Durante muito tempo, estes gigantes da tecnologia acolheram, sem reservas, todas estas manifestações fervorosas sem lhes ser exigido, por parte de legisladores e activistas, qualquer mediação ou responsabilidade sobre os discursos e conteúdos negativos gerados no seu império digital. Afinal, como criticá-los se os seus modelos de negócio se alimentam de captar todas as atenções e de engajar o máximo número de pessoas possível? Mas, hoje, olhando para as duas décadas de existência das redes sociais, começamos a perceber as consequências nocivas deste megafone de ódio e intolerância para a confiança pública e para o processo democrático e suas instituições. O problema não é nada fácil de se definir e, por conseguinte, de se regulamentar, pois mistura-se com algo muito intrínseco aos nossos direitos humanos: a liberdade de expressão.

Os mesmos direitos para quem não tem as mesmas intenções?

Nos últimos tempos, as empresas privadas de plataformas sociais têm sido pressionadas para agirem sobre os conteúdos de discurso de ódio e a retórica da violência gerados e partilhados em casa própria. De forma a amenizar os ânimos, as diferentes redes sociais têm implementado algumas medidas como o bloqueio e o banimento de perfis e contas ligados a pessoas e movimentos conflituosos ou tags de aviso que informam o público de que o conteúdo pode ser falso ou controverso. Um exemplo desta tag de aviso vem da parte do Twitter que, no contexto das eleições dos Estados Unidos da América em 2020, sinalizou muitos dos tweets de Donald Trump com a advertência “esta alegação sobre fraude eleitoral é contestada”.

Após o evento do Capitólio de 6 de Janeiro deste ano, a plataforma social baniu a conta do ex-presidente, o que não significa que tome as mesmas medidas para todos os que promovem o ódio e a violência. Permite, por exemplo, a presença do aiatolá Khamenei, o líder supremo do Irão, um país que executa pessoas publicamente por causa da sua orientação sexual; ou de representantes oficiais da maior ditadura comunista do mundo que é a China, que prende e executa dissidentes políticos e mantém milhões de pessoas de minorias étnicas e religiosas em campos de concentração. Hipocrisia? Contradição? Parcialidade? Sim, tudo isso e, certamente, muito mais, mas somemos também a variável de esta ser uma questão complexa que não se resolve a traço grosso.

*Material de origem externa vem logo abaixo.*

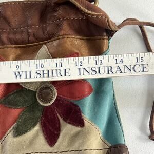 Lucky Brand Hobo Shoulder Bag Colorful Patchwork Leather Suede Flowers Vtg Boho
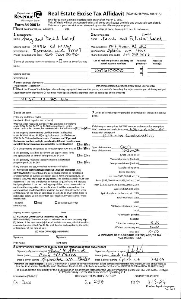 | 1 | 03/26/2024 | QCD | Quit Claim Deed | Laird, Amy & David | Laird, Jacob & Felicia Ziemer | | | $0.00 | 261238 | 1498192 |
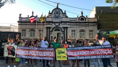 Cruz das Almas: profissionais da educação realizam manifestação pelo pagamento do abono salarial com as sobras do Fundeb
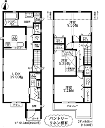 | 間取り | 3LDK 間取り内訳:リビングダイニングキッチン 18帖(1階)・洋室 5.2帖・洋室 6帖・洋室 6.8帖 |
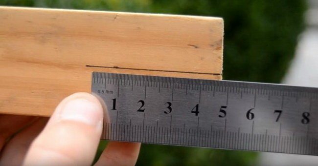 В глубину делаем распил на ширину лезвия от канцелярского ножа.
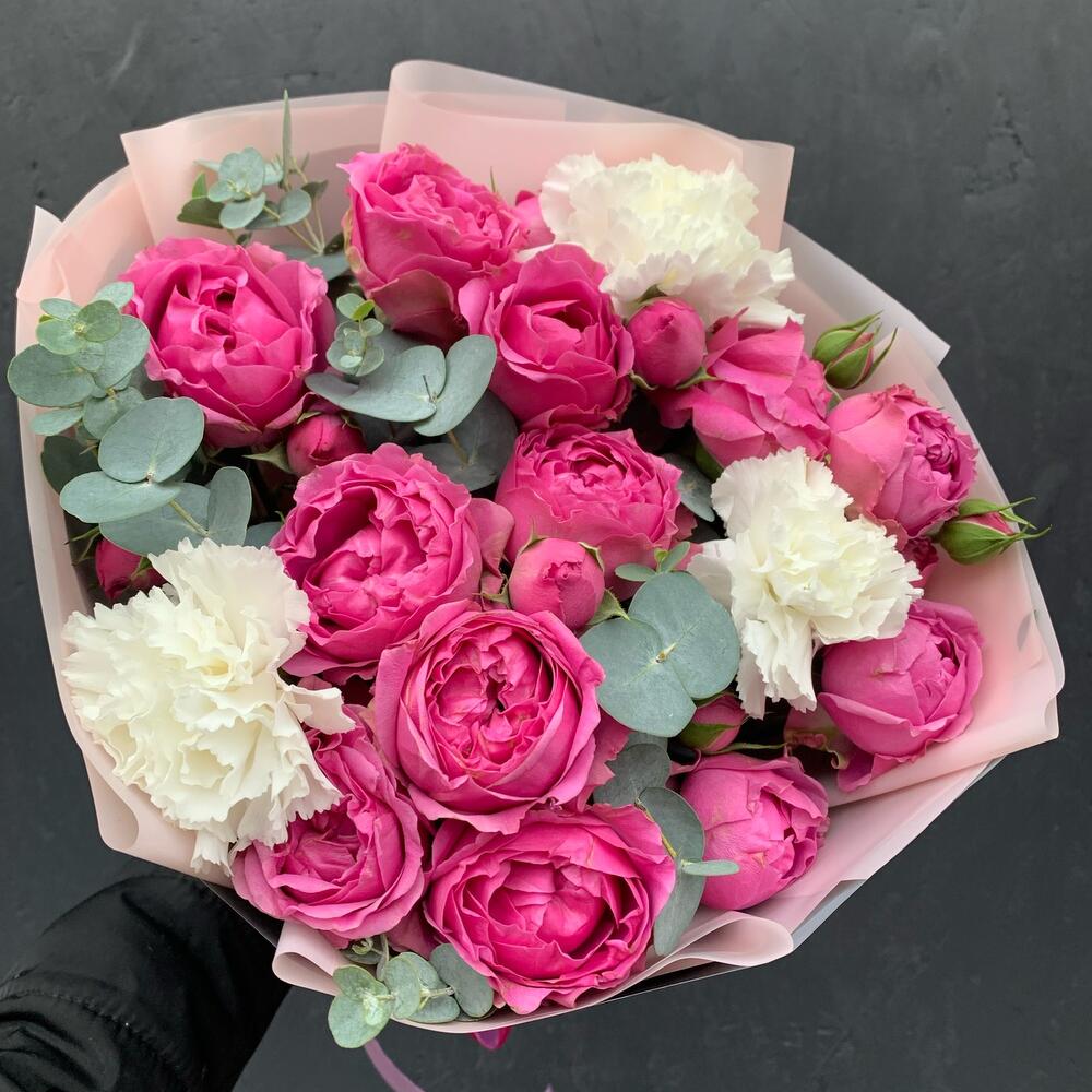 Букет из пионовидных роз,гвоздик и эвкалипта Кэнди
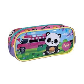 Características Adicionais: Estampa exclusiva Puxador de metal Zíper de alta qualidade Interior espaçoso e de fácil limpeza Painel frontal estruturado em PVC com brilho Com um hambúrguer nas patinhas e um sorrisinho encantador no rosto, ele adora brincar, fazer novos amigos e, claro, cuidar com carinho de todos os lápis, canetinhas e segredinhos criativos das crianças
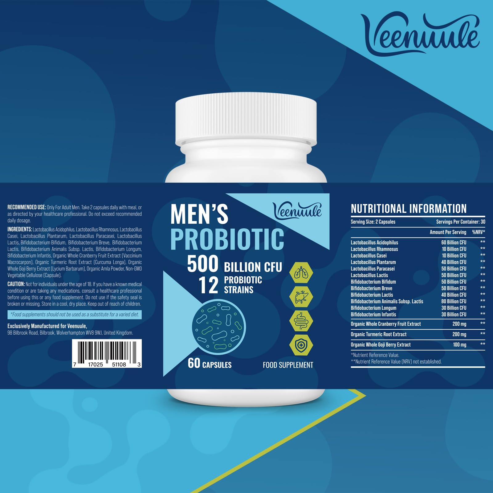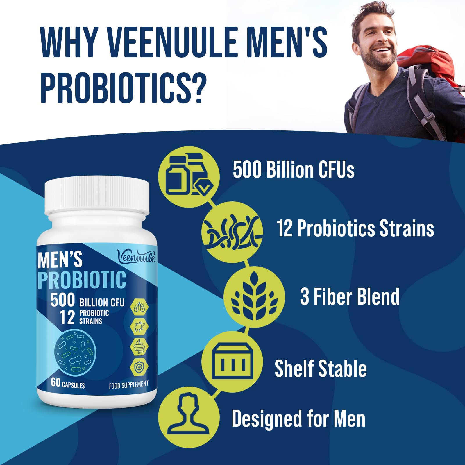 - MEN'S ULTIMATE CARE PROBIOTICS: Veenuule probiotics have been specially designed to meet the unique needs of men's bodies and digestive systems. Formulated with 500 Billion CFUs plus clinically proven 12 probiotic strains, it promotes and sustains a harmonious balance within the stomach, ensuring optimal digestive health. Research has demonstrated that probiotics offer comprehensive support for maintaining a healthy microbiome in men's bodies.
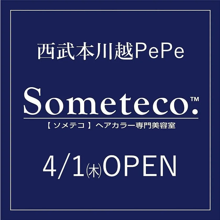 ヘアカラー専門美容業を手掛ける、有限会社N&A(所在地:埼玉県久喜市、代表取締役:小久保 明夫)は、ヘアカラー専門美容室 Someteco.(ソメテコ)西武本川越ペペ店を、2021年4月1日(木)より開店いたします。
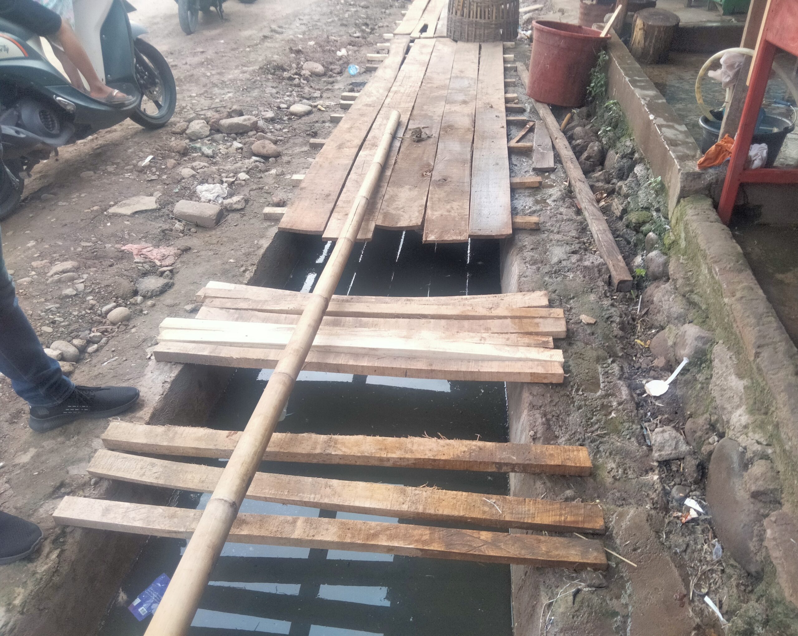 Selain itu penggalian got menggunakan scapator, hanya di gali sekeliling dalam terminal mengakibatkan jadi penampungan air bagaikan kolam renang tertampung tidak bisa mengalir dari hulu ke hilir, katanya.

Como distinguir o discurso de ódio, sátira ou comentário? E quem define o que é o quê? Há quem defenda, fervorosamente, que qualquer incitamento ao ódio online deve ser censurado pois leva a acções de violência reais. Por outro lado, há os que afirmam que policiar estes conteúdos nocivos apenas irá desviar os seus autores para lugares mais escondidos e encriptados, como defende o estudo “Ecologia do Ódio Online Global” da Nature. Segundo o trabalho da revista científica britânica, o policiamento numa única plataforma, como o Facebook, pode gerar dark pools globais, onde o ódio online pode florescer ainda mais feroz.

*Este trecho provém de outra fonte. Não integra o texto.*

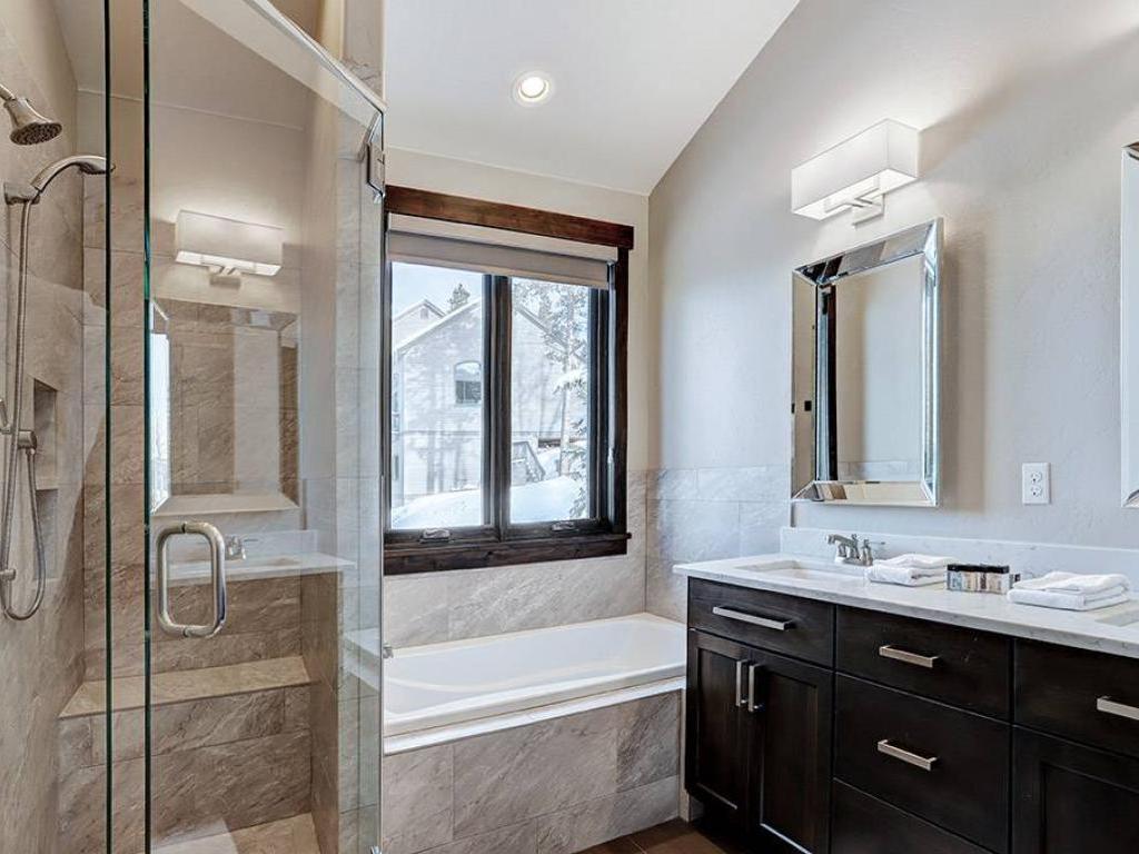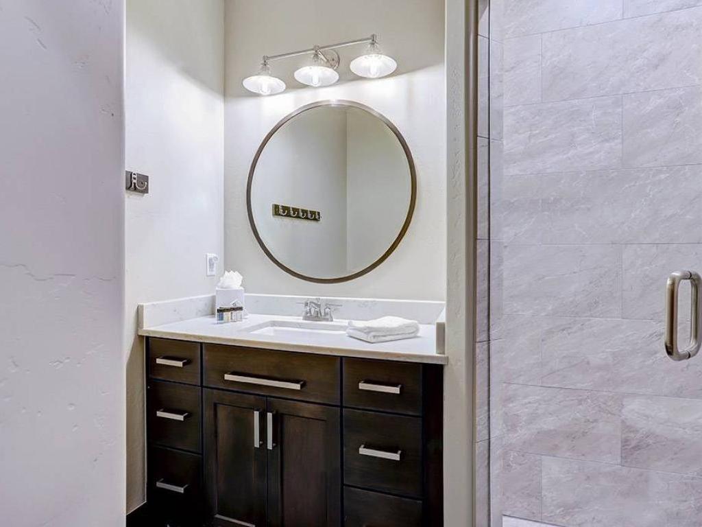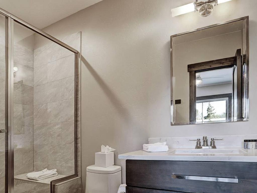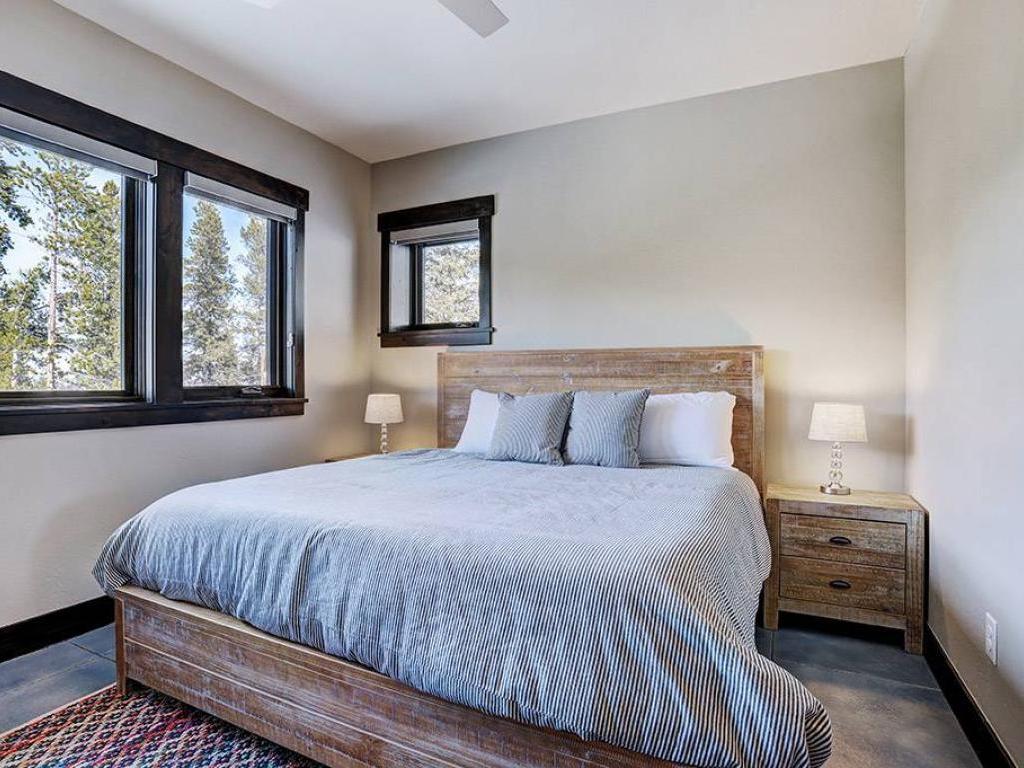 Furnished with a King bed, the main level primary bedroom is set under vaulted ceilings and includes a private bathroom with a dual-sink vanity, soaking tub and walk-in shower. Both lower level bedrooms enjoy private bathrooms, one is appointed with a King bed while the other has a Queen bed. Additional sleeping accommodations are provided by two sets of Twin over Twin bunk beds located in a nook off of the family room.

Confesso-me dividido neste assunto. Se, por um lado, considero que as ideias destrutivas se devem combater no campo das ideias e que o discurso não é a mesma coisa que a acção; por outro lado, também considero que o incitamento ao ódio e a desinformação devem ser sinalizados e que quem os pratica deve ser responsabilizado. Algo positivo neste fenómeno é que já faz parte do debate público e é objecto de reflexão das Ciências Sociais e Humanas, das entidades reguladoras e das instituições governamentais. E a isto se chama civilização.